The Ortolan Bunting, Emberiza Hortulana, is fattened to four times its own size, then drowned in burning Armagnac for eight minutes. To eat the tiny bird, one covers one’s head with a linen shroud, to keep in the aroma and to hide the appalling act from God.  The head dangling from between the lips, one gorges on the whole bird, lungs, heart and bones.

Despite the extant foody members of the literati, or vice-versa, food-writing, as per the likely ordering of a bookshop, is low down the literary hierarchy.  In parentheses, I cannot fail to notice that whilst “bookish” suggest highbrow and even charmingly raffish, the term “foody” has a vaguely illiterate nuance about it. While Travel-Writing, which gained in reputation with the erudite travelogues of Patrick Leigh Fermor, the haunting writings of W. G. Sebald walking the length of the Norfolk coast in The Rings of Saturn and Rebecca West’s magnum opus Black Lamb, Grey Falcon, charting the contemporary history of the Balkans, is recognised to having some literary substance.  Food writing is denigrated to the “Cookery” section.  The odd book with an auto-biographical lend, such as Nigel Slater’s Toast might make it across to the Biography section.  But, in the majority of cases it is considered a lesser-form it is the chick-lit or worse of the Bookshop.

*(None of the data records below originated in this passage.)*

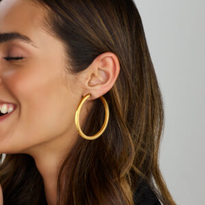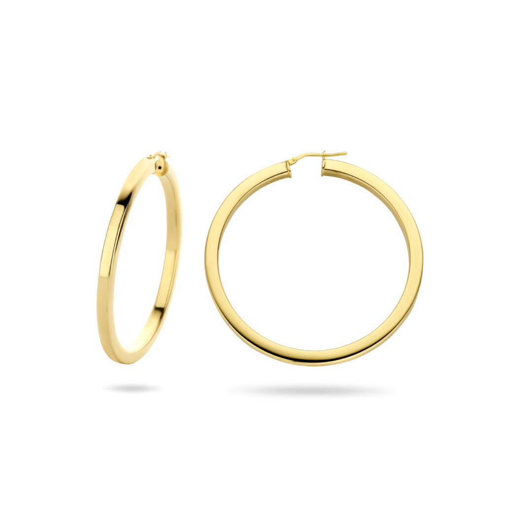 Geelgoud op 925 zilveren oorringen met een vierkante buis. De oorringen hebben een dikte van 4mm.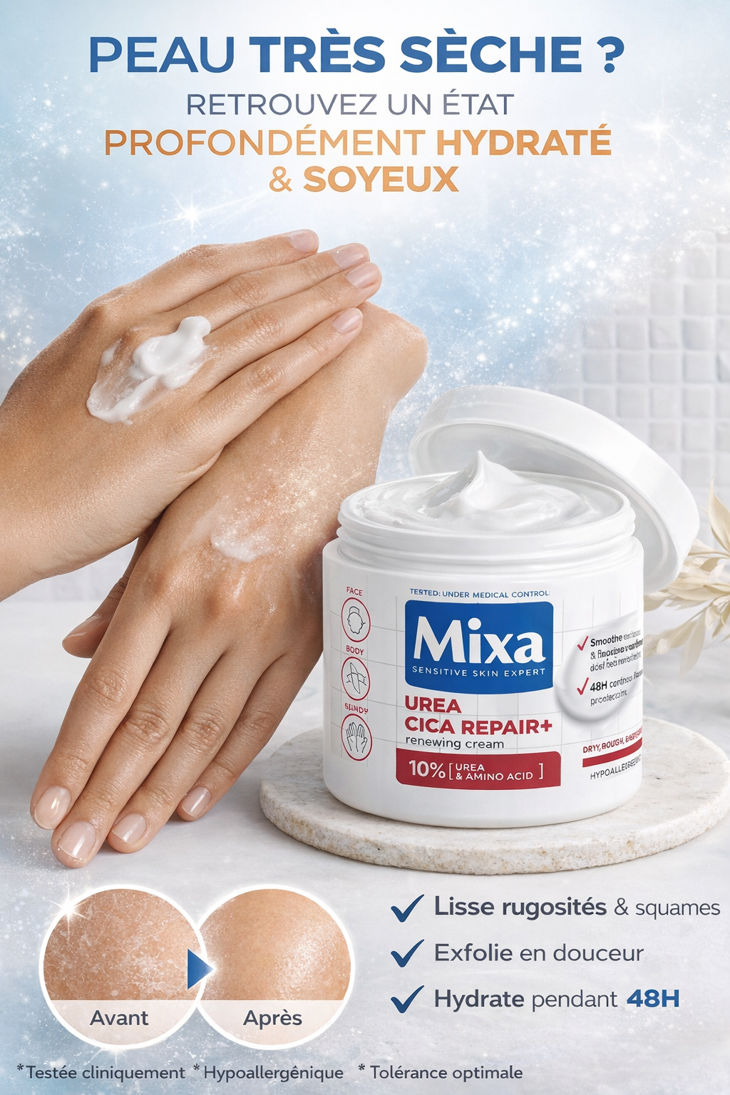 La crème pour le corps régénérante pour peaux très sèches MIXA Urea Cica Repair+ fait redécouvrir un état profondément hydraté et soyeux. Sa formule permet d’exfolier tout en douceur toutes les rugosités et les squames, gâchant la douceur voulue.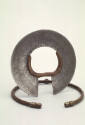 Herding camels and traveling long distances, the Turkana of northern Kenya make use of every ornament they wear. This wrist knife is razor-sharp and serves as jewelry and a weapon as well, used in fights and in wrestling contests. It is fabricated out of iron and then encased in leather to protect the edge from becoming dull and the wearer from injury. When collecting it in Kenya, Katherine White wrote, "I bought two razor bracelets, one with copper beads, the other ordinary but perfectly real."

All this to simply interpolate whether in fact food-writing, now being revived and employed by the very best, could perhaps offer a framework, a sort-of straight-jacket in which the most elaborate literary fictions, the most marvellous concoctions of words could come to life.   I understand food to be one of our most vital acts of communion, a meeting of the outer world with the inner.  Quotidian it may be, mundane even, and the fact that we cannot do without seemingly renders it of the least profound of acts, but the very same reasoning recognises food as a subject that both reflects our interior psychological states and, more generally, contemporary society and politics.  As yet burgeoning, the art of food-writing is a literary art striving to find its form…

And of course, if good dinner-party conversation does not arise, a hindrance Borges is not so mindful of, good food offers a handy cue.